How does Rob Couhig get away with attending forums for mayoral candidates when he won’t yet declare whether he’s actually going to run?

Recall that in ’06 Couhig blasted Mitch Landrieu for taking too long to decide whether to run for mayor. He criticized him on the radio, in commercials, and on blogs for not being decisive enough. Couhig called Landrieu the “Prince of Vacillation”— a person who freezes at the moment when “bold leadership is required”. This claim was the centerpiece of Couhig’s attacks on Landrieu.

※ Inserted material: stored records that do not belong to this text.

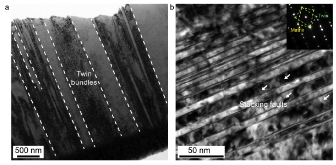 图3 CoCrFeNi HEA的应变率为28.8%,应变率为4.5×103 s - 1。(a, b)变形HEA中的双束。(b)中的插图显示了孪晶结构的选定区域电子衍射图。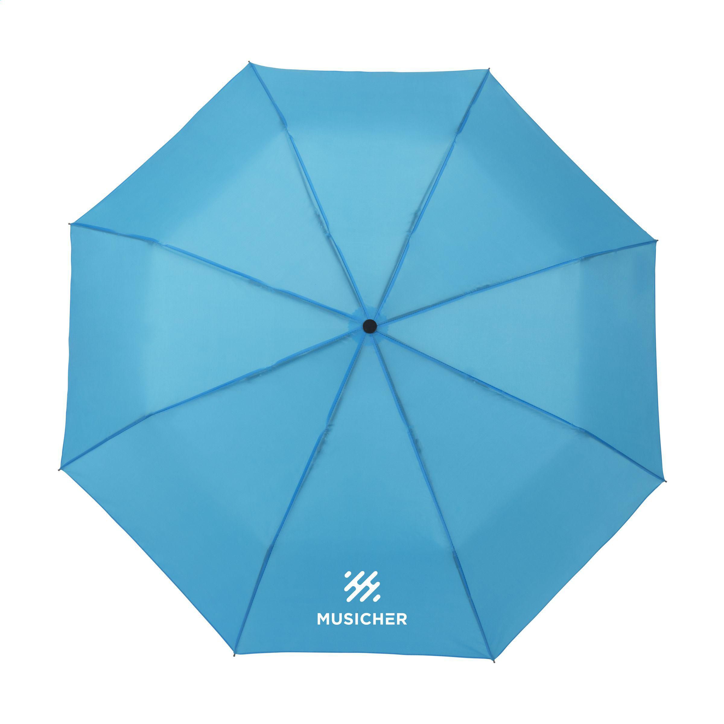 Kompakter, faltbarer Regenschirm mit 190T-Polyesterbezug. Metallrahmen und -griff, Kunststoff-Hängegriff mit Schlaufe, Klettverschluss und Aufbewahrungshülle. Manuelle Bedienung. Maße zusammengeklappt: Ø 5,5 x 24 cm.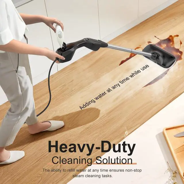 The Floor Steamer is easy and convenient to refill water at any time No-disassembly. Use only pure water Chemical-free to keeps children & pets safe.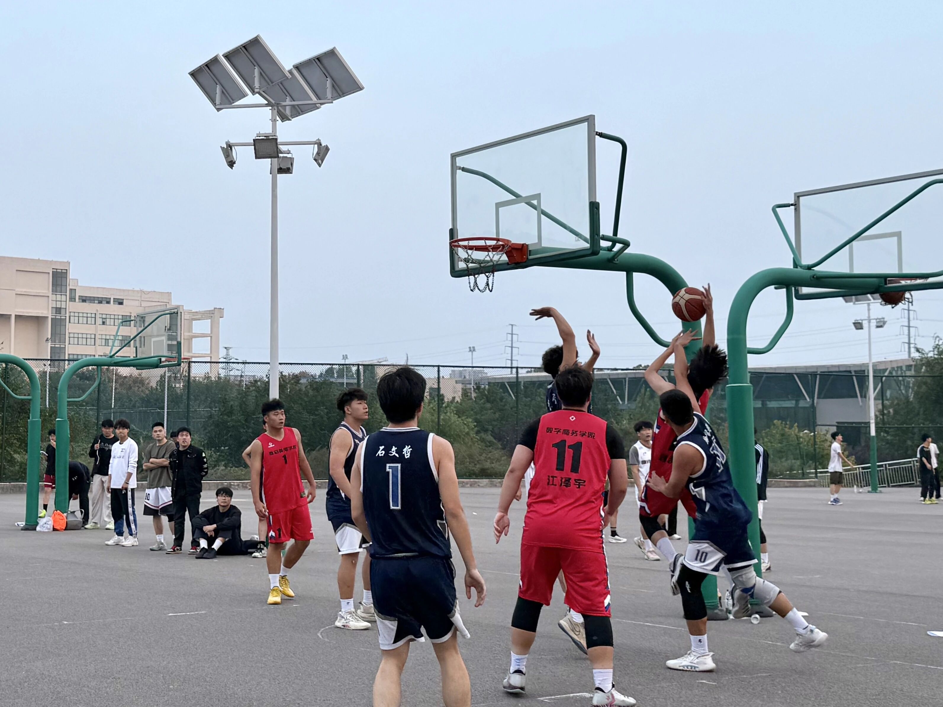10月16日,虎山操场上欢呼声此起彼伏,数字商务学院与医学院的男篮小组赛在此激烈上演。

Fast forward to September 2009. Couhig boldly announced that he would announce something “soon” about his mayoral intentions. This excited the Couhig Conservatives, who are (it cannot be repeated too often) very, very smart voters. However: curiously— inconceivably— weeks and months have passed without Couhig announcing a decision about his candidacy. At the very moment bold leadership is required, Couhig… has dithered. He isn’t ready to formally commit. He has said that he wants to make sure that if he runs he will win (I could save him some time and money on that analysis). And, in a truly bizarre statement, he claimed he needed to make sure he could win because “the city’s psyche is fragile”.

Yeah, he said that. Couhig’s mulling things over because, if he ran and lost, it might shatter the city into human fragments. Our collective psyche might never recover. Things would boil over and there’d be race riots or teabagger riots or more cat tossing or something equally apocalyptic. Suffice it to say, Couhig is dithering because he cares about our minds.

What bothers me is that Couhig gets a platform at a mayoral forum without officially announcing that he intends to be mayor. How does he get away with that? What if he surprises everyone and decides not to run (read: Georges pays him off)? Then what? Isn’t it unfair that he gets to enjoy a public platform with no risk as an official candidate? If he attends forums and decides not to run, didn’t he diminish the public’s opportunity to evaluate the announced candidates who are serious about becoming the next mayor? And if Couhig is definitely running, then why is he taking so long to announce?— especially after he promised to announce something “soon”, and especially after he lambasted Landrieu’s “vacillation” during the last election?

How is Couhig allowed to get away with this? When will the media ask him why Landrieu is the “Prince of Vacillation” but he’s not “The Duke of Dithering”?

At the Gambit blog, Kevin Allman has this most satisfying observation to report about the debate:

About the third time Couhig bashed Mayor Ray Nagin, the audience was getting restive; it was obvious somebody wanted to stand up and yell “Then why’d you endorse him last time, Rob?”